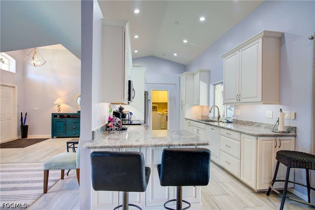 Additional features include a sprinkler system, lush mature landscaping, soaring vaulted ceilings, and beautifully maintained, vibrant grass. The home is being offered turnkey, with nearly everything included—garage cabinets, refrigerator, fireplace, and more all stay. A keypad entry adds convenience and security.
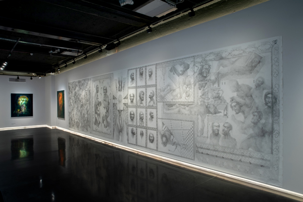 His new exhibition at Unit London entitled Reverence comprises mostly new works that address themes relating to the show’s title: respect, approbation, worship, awe and adoration. It includes the eponymous Reverence, a monumental eleven metre pencil drawing that takes up most of a wall. It’s his 18th solo show in the last decade including New York, Paris, Brussels and his fourth in London.
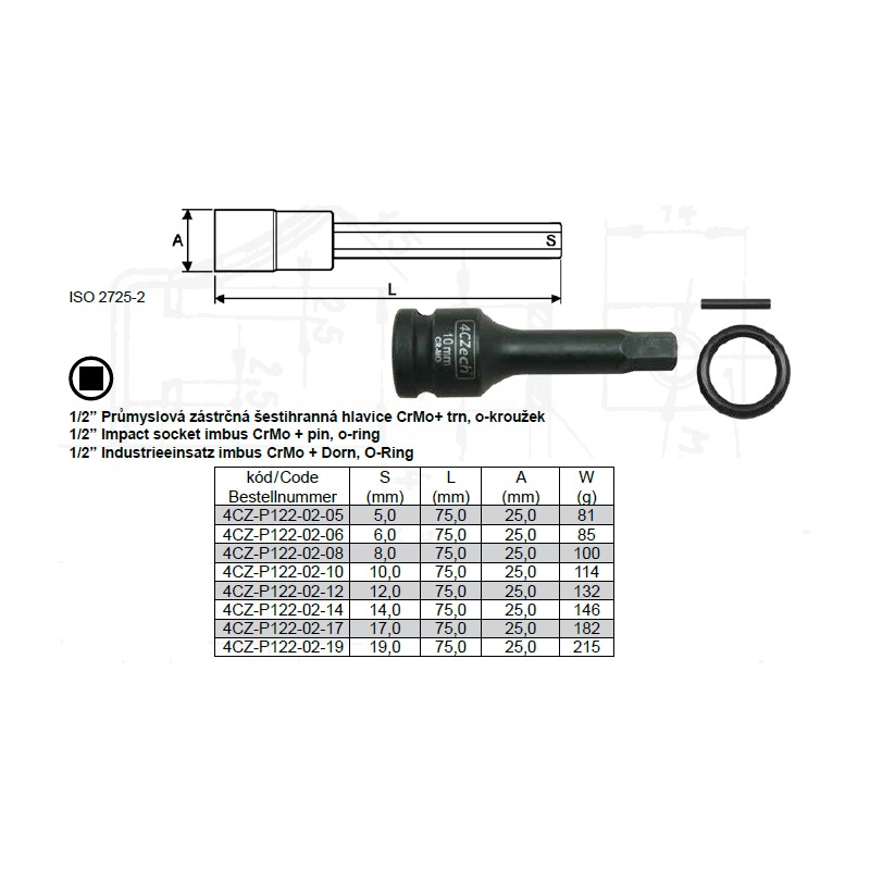 1/2” Hlavice průmyslová TORX E 12 - CrMo + trn, o-kroužek

TRY IT. Return the complete data unchanged and include none of the pictures.

ANSWER SPACE.
 Additional features include a sprinkler system, lush mature landscaping, soaring vaulted ceilings, and beautifully maintained, vibrant grass. The home is being offered turnkey, with nearly everything included—garage cabinets, refrigerator, fireplace, and more all stay. A keypad entry adds convenience and security.
 His new exhibition at Unit London entitled Reverence comprises mostly new works that address themes relating to the show’s title: respect, approbation, worship, awe and adoration. It includes the eponymous Reverence, a monumental eleven metre pencil drawing that takes up most of a wall. It’s his 18th solo show in the last decade including New York, Paris, Brussels and his fourth in London.
 1/2” Hlavice průmyslová TORX E 12 - CrMo + trn, o-kroužek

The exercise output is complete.